So, in any event, the children told us that nobody’s taking care of them, so that basically the older children are trying to take care of the younger children. The guards are asking the younger children or the older children, “Who wants to take care of this little boy? Who wants to take of this little girl?” and they’ll bring in a two-year-old, a three-year-old, a four-year-old. And then the littlest kids are expected to be taken care of by the older kids, but then some of the oldest children lose interest in it, and little children get handed off to other children. And sometimes we hear about the littlest children being alone by themselves on the floor.

Many of the children reported sleeping on the concrete floor. They are being given army blankets, those wool-type blankets that are really harsh. Most of the children said they’re being given two blankets, one to put beneath them on the floor. Some of the children are describing just being given one blanket and having to decide whether to put it under them or over them, because there is air-conditioning at this facility. And so they’re having to make a choice about, Do I try to protect myself from the cement, or do I try to keep warm?…
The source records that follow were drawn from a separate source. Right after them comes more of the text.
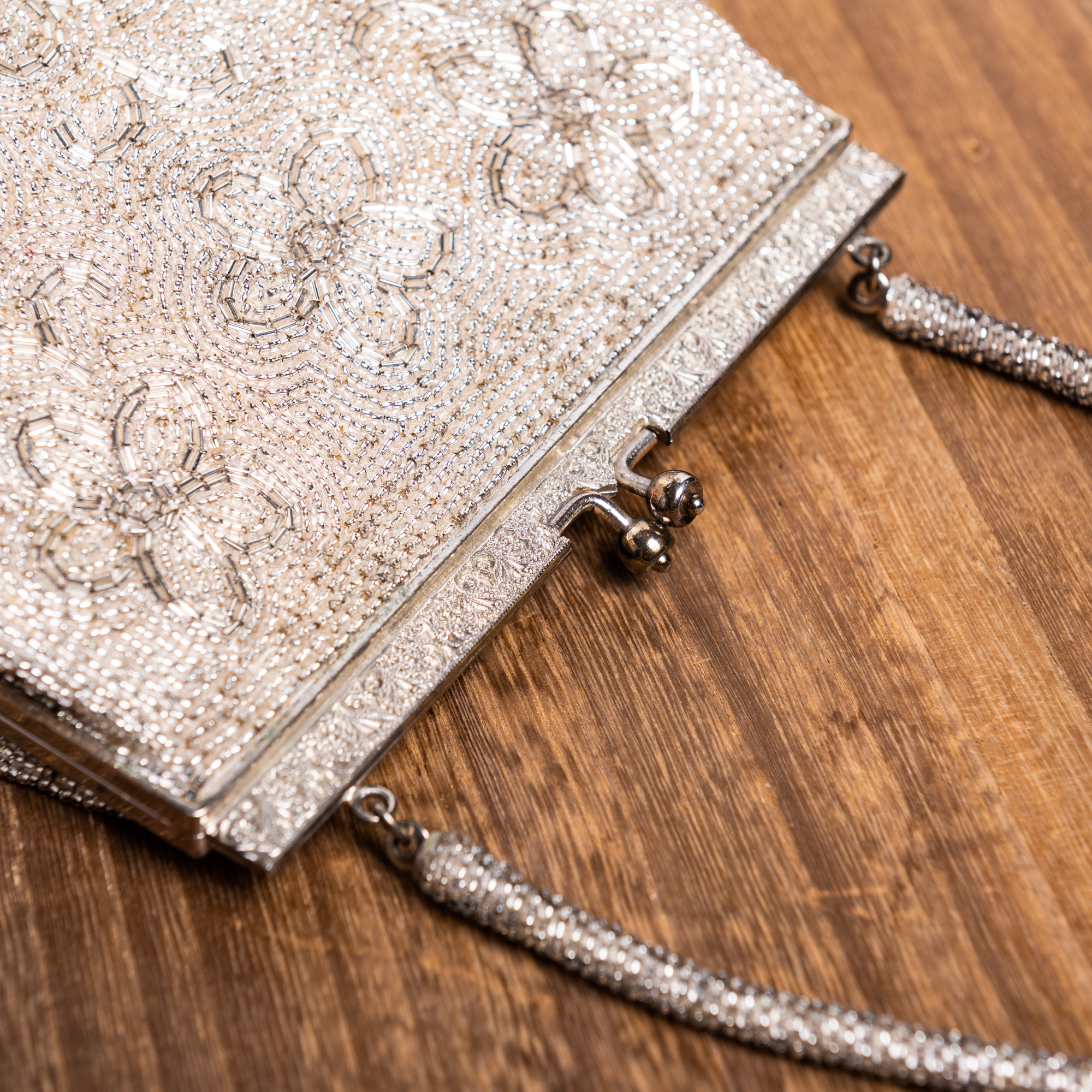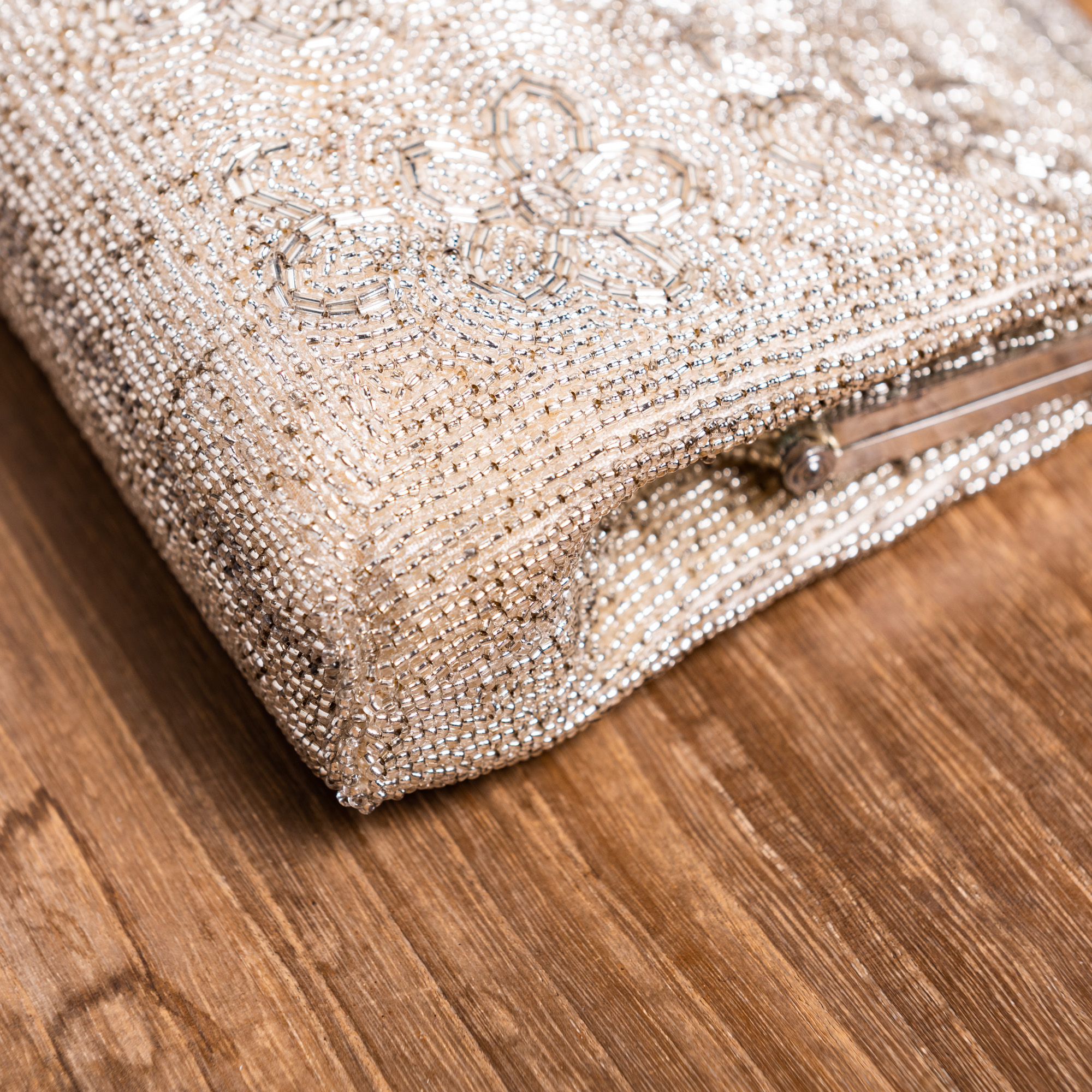 たくさんの小さな五弁の花が描き出された、白銀色に輝く総ビーズのバッグです。描かれたのは梅でしょうか、桜でしょうか。どちらにしましてもお祝いの席にふさわしい、縁起の良い柄となります。持ち手は同じ色の丸ビーズがびっしりと留められ、バッグの口にはたいへん細かい唐草の彫りがほどこしてあります。留め具はシンプルで、くどすぎることなく上品にまとまったバッグです。成人式の振袖や、訪問着、留袖、色留袖などでお持ちになってください。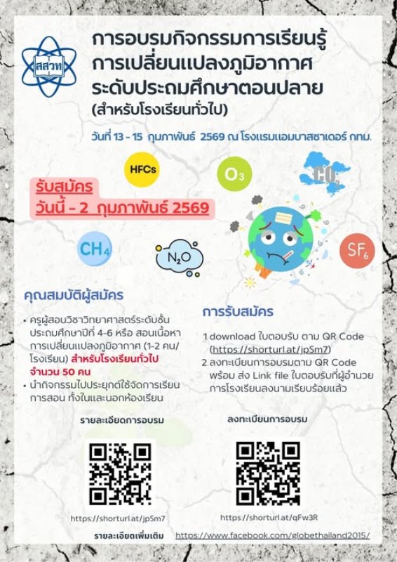 สถาบันส่งเสริมการสอนวิทยาศาสตร์และเทคโนโลยี (สสวท.) เปิดรับสมัครครูระดับประถมศึกษาตอนปลาย เข้ารับการอบรม “กิจกรรมการเรียนรู้การเปลี่ยนแปลงภูมิอากาศ ระดับประถมศึกษาตอนปลาย (สำหรับโรงเรียนทั่วไป)” ระหว่างวันที่ 13–15 กุมภาพันธ์ 2569 ณ โรงแรมแอมบาสซาเดอร์ สุขุมวิท กรุงเทพฯ เพื่อเสริมสร้างความรู้ ความเข้าใจ และแนวทางการจัดการเรียนรู้ด้านการเปลี่ยนแปลงภูมิอากาศที่สามารถนำไปประยุกต์ใช้ได้จริงทั้งในและนอกห้องเรียน เตรียมพร้อมรับมือวิกฤตโลกร้อน โดย สสวท. สนับสนุนค่าอาหารกลางวัน อาหารว่าง เอกสารประกอบการอบรม และค่าที่พัก คุณสมบัติผู้สมัครเป็นครูผู้สอนวิชาวิทยาศาสตร์ ป.4–6 หรือสอนเนื้อหาการเปลี่ยนแปลงภูมิอากาศ โรงเรียนละ 1–2 คน สมัครได้ตั้งแต่วันนี้ถึง 2 กุมภาพันธ์ 2569 รับจำนวนจำกัด ผู้สนใจสามารถดาวน์โหลดเอกสารและดูรายละเอียดการสมัครได้ที่ https://globethailand.ipst.ac.th/news.php
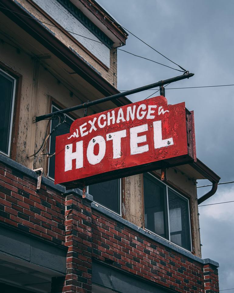 Exchange Hotel sign, in Saugerties, the Hudson Valley, New York - digital photographic print by travel photographer Jon Bilous
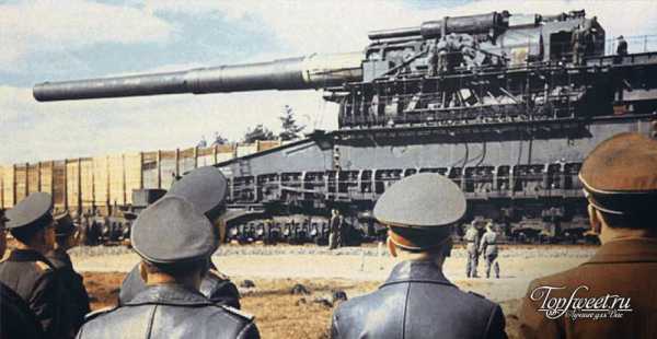 Первое место отдается самым огромным махинам — железнодорожным пушкам Густаву и Доре. Невероятно массивные громадины, калибром 800! миллиметров. Восемьдесят сантиметров Карл! Стреляла такая шайтан-труба четырехметровыми снарядами, со страшным весом. Дальность стрельбы составляла около 45 километров, и пробивались таким снарядом даже бетонные перекрытия семиметровой толщины, или тридцатиметровый пласт земли. Вот уж действительно царь-пушка. К счастью Густав пострелять так и не смог, а вот Дора таки поучаствовала в войне. Всего из нее было сделано 42 выстрела… Пожалуй это все же было напрасной тратой ресурсов и времени — пушка передвигаться могла только по специально проложенной железной дороге, перевозилась по частям а для сборки и настройки требовала расчет аж из четырех тысяч человек. Дорогое удовольствие. Очень.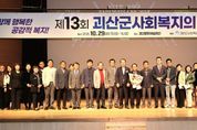 코리아타임뉴스 박찬식 기자 | 충북 괴산군은 29일 괴산군 문화예술회관에서 ‘제13회 괴산군 사회복지의 날 기념행사’를 개최했다고 밝혔다. 이번 행사는 괴산군사회복지협의회(회장 고명성) 주관으로 열렸으며, 송인헌 괴산군수를 비롯한 사회복지시설 종사자 등 200여 명이 참석한 가운데 사회복지인의 노고를 격려하고 화합을 다지는 자리로 마련됐다. 행사는 장연지역아동센터 합창단의 식전공연을 시작으로, 괴산군사회복지협의회 회장 이·취임식, 유공자 표창, 인사말, 퍼포먼스 순으로 진행됐다. 이날 이·취임식에서는 최은묵 전 회장에 이어 고명성 신임 회장이 취임했으며, 유공자 표창 수여식에서는 지역 사회복지 증진에 기여한 12명이 표창을 받았다. △군수 표창은 배기만(괴산지역자활센터), 이정자(성제노의집), 심서경(괴산재가복지센터), 이충정(괴산군노인복지관), 안미경(청천재활원), 천병주(수달지역아동센터), 이봉우(햇살재가복지센터), 이정민(괴산군 가족행복과) 등 8명이 수상했다. △군의장 표창은 신미경(괴산지역자활센터), 이만형(청천재활원) 등 2명, △괴산군사회복지협의회장 표창은 조경옥(청주사랑나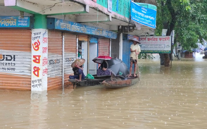 বন্যায় প্লাবিত কোম্পানীগঞ্জ উপজেলার থানাবাজার। ছবি- কবির আহমদ

So, on Wednesday, we received reports from children of a lice outbreak in one of the cells where there were about twenty-five children, and what they told us is that six of the children were found to have lice. And so they were given a lice shampoo, and the other children were given two combs and told to share those two combs, two lice combs, and brush their hair with the same combs, which is something you never do with a lice outbreak. And then what happened was one of the combs was lost, and Border Patrol agents got so mad that they took away the children’s blankets and mats. They weren’t allowed to sleep on the beds, and they had to sleep on the floor on Wednesday night as punishment for losing the comb. So you had a whole cell full of kids who had beds and mats at one point, not for everybody but for most of them, who were forced to sleep on the cement.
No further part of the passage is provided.